Darker colors indicate a stronger positive correlation, while lighter colors indicate a weaker positive correlation or a negative correlation.

In [None]:
sns.heatmap(train_data.corr(), annot = True, linewidths= 0.5)

In [None]:
plt.figure(5, figsize=(25, 10))
corr = train_data.apply(lambda x: pd.factorize(x)[0]).corr()
mask = np.triu(np.ones_like(corr, dtype=bool))
ax = sns.heatmap(corr, mask=mask, xticklabels=corr.columns, yticklabels=corr.columns, annot=True, linewidths=.2, cmap='coolwarm', vmin=-1, vmax=1)
plt.show()

# 3. Feature Engineering
Feature engineering is the process of using domain knowledge to extract features from raw data that can be used to train machine learning models.

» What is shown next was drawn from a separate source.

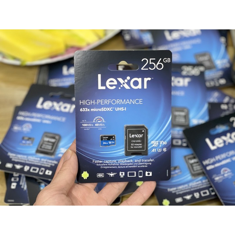 Thẻ nhớ 256GB Lexar 633x micro SDXC UHS-l V30 -100MB/s / Tặng kèm áo thẻ

It involves transforming raw data into a format that can be easily understood by the model, such as converting text to numerical values. The goal of feature engineering is to create a set of features that are most informative and relevant for the task at hand, which can improve the performance of the model.


In [None]:
train_data.drop('Name', axis=1, inplace=True)
test_data.drop('Name', axis=1, inplace=True)

In [None]:
train_data['Transported'].replace(False, 0, inplace=True)
train_data['Transported'].replace(True, 1, inplace=True)

In [None]:
train_data[['deck','num', 'side']] = train_data['Cabin'].str.split('/', expand=True)
test_data[['deck','num', 'side']] = test_data['Cabin'].str.split('/', expand=True)

train_data.drop('Cabin', axis=1, inplace=True)
test_data.drop('Cabin', axis=1, inplace=True)

In [None]:
col_to_sum = ['RoomService', 'FoodCourt', 'ShoppingMall', 'Spa', 'VRDeck']

train_data['total_spent'] = train_data[col_to_sum].sum(axis=1)
test_data['total_spent'] = test_data[col_to_sum].sum(axis=1)

###  Imputing Missing Values


We are using Simple Imputer to fill the na values with the specified strategy.

For ['CryoSleep', 'VIP', 'HomePlanet', 'Destination', 'Cabin'] we use the strategy most_frequent as it is categorical data.

For ['Age','RoomService', 'FoodCourt', 'ShoppingMall', 'Spa', 'VRDeck'] we use the strategy median as it is numeric data.


In [None]:
categorical_cols = [col for col in train_data.columns if train_data[col].dtype == 'object' or train_data[col].dtype == 'category']
numeric_cols = [col for col in train_data.columns if train_data[col].dtype == 'float64']

print(f'Categorical cols -- {categorical_cols}')
print(f'Numeric cols -- {numeric_cols}')

In [None]:
train_data[categorical_cols] = train_data[categorical_cols].astype('category')
test_data[categorical_cols] = test_data[categorical_cols].astype('category')

In [None]:
from sklearn.preprocessing import OrdinalEncoder

oc = OrdinalEncoder()
data_for_encode = pd.concat([train_data, test_data])
data_for_encode[categorical_cols] = data_for_encode[categorical_cols].astype('category')
data_for_encode[categorical_cols] = oc.fit_transform(data_for_encode[categorical_cols])

del train_data, test_data

train_data = data_for_encode.iloc[:8693, :]
test_data = data_for_encode.iloc[8693: , :]

del data_for_encode

test_data.drop('Transported', inplace=True, axis=1)

In [None]:
from sklearn.impute import SimpleImputer
from sklearn.compose import ColumnTransformer

ctc = ColumnTransformer([("imp", SimpleImputer(strategy='most_frequent'), categorical_cols)])
    
train_data[categorical_cols] = ctc.fit_transform(train_data[categorical_cols])
test_data[categorical_cols] = ctc.fit_transform(test_data[categorical_cols])

ctn = ColumnTransformer([("imp", SimpleImputer(strategy='median'), numeric_cols)])

train_data[numeric_cols] = ctn.fit_transform(train_data[numeric_cols])
test_data[numeric_cols] = ctn.fit_transform(test_data[numeric_cols])

train_data["Transported"].fillna(method='ffill', inplace = True)

In [None]:
train_data.head()